(What you have to do): The whole listing below should be retyped exactly, without any images.

(Data shown):
Segment Open

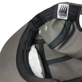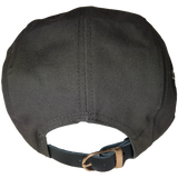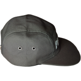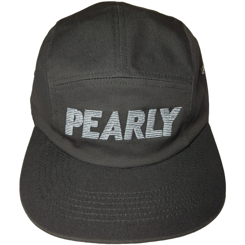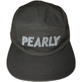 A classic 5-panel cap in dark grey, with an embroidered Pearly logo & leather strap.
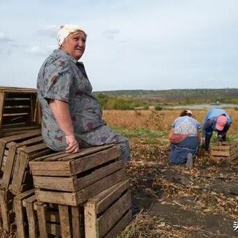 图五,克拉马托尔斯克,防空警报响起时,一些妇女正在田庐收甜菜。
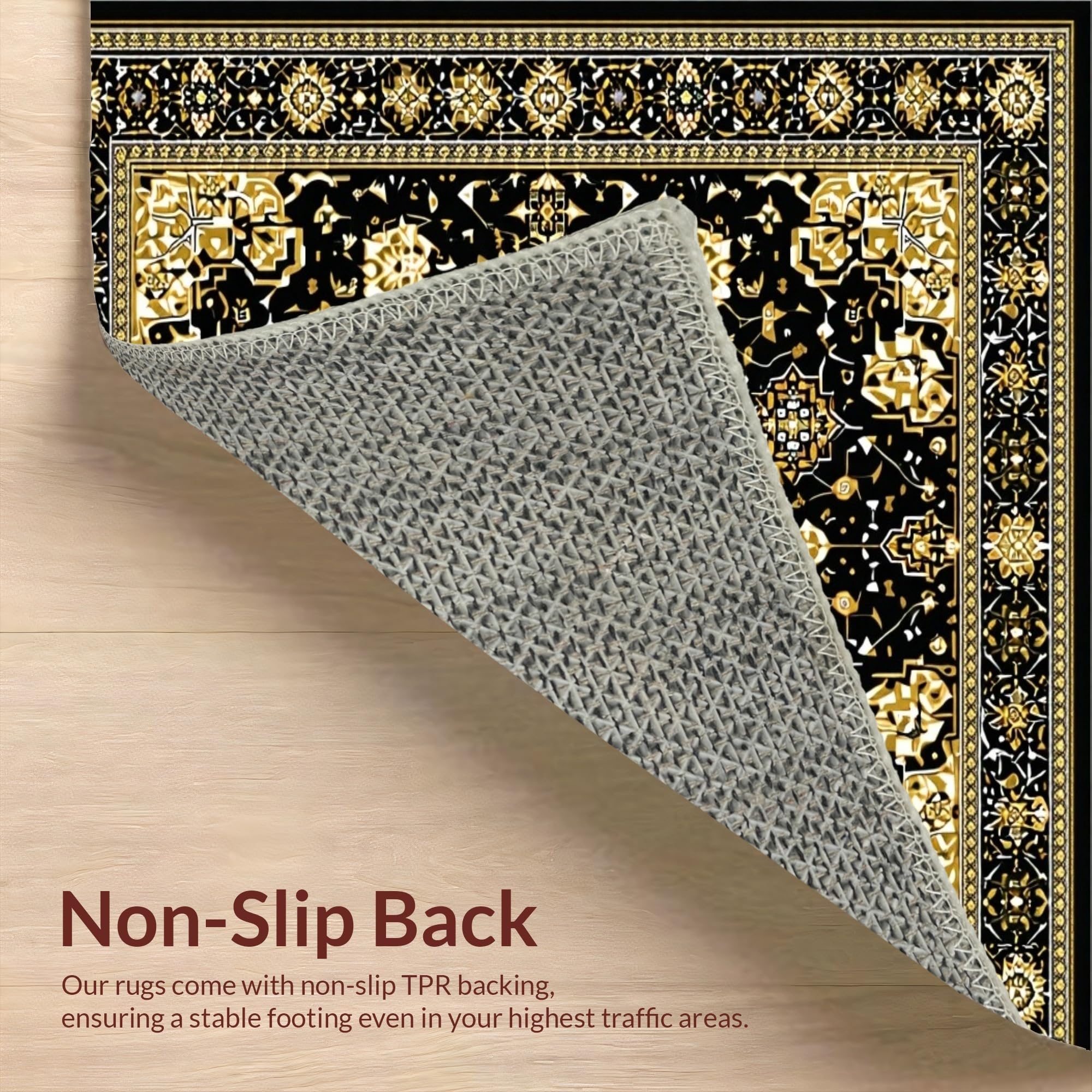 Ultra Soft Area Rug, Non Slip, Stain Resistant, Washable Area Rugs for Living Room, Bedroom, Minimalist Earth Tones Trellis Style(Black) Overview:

Segment Closed

(Answer to this exercise):
 A classic 5-panel cap in dark grey, with an embroidered Pearly logo & leather strap.
 图五,克拉马托尔斯克,防空警报响起时,一些妇女正在田庐收甜菜。
 Ultra Soft Area Rug, Non Slip, Stain Resistant, Washable Area Rugs for Living Room, Bedroom, Minimalist Earth Tones Trellis Style(Black) Overview:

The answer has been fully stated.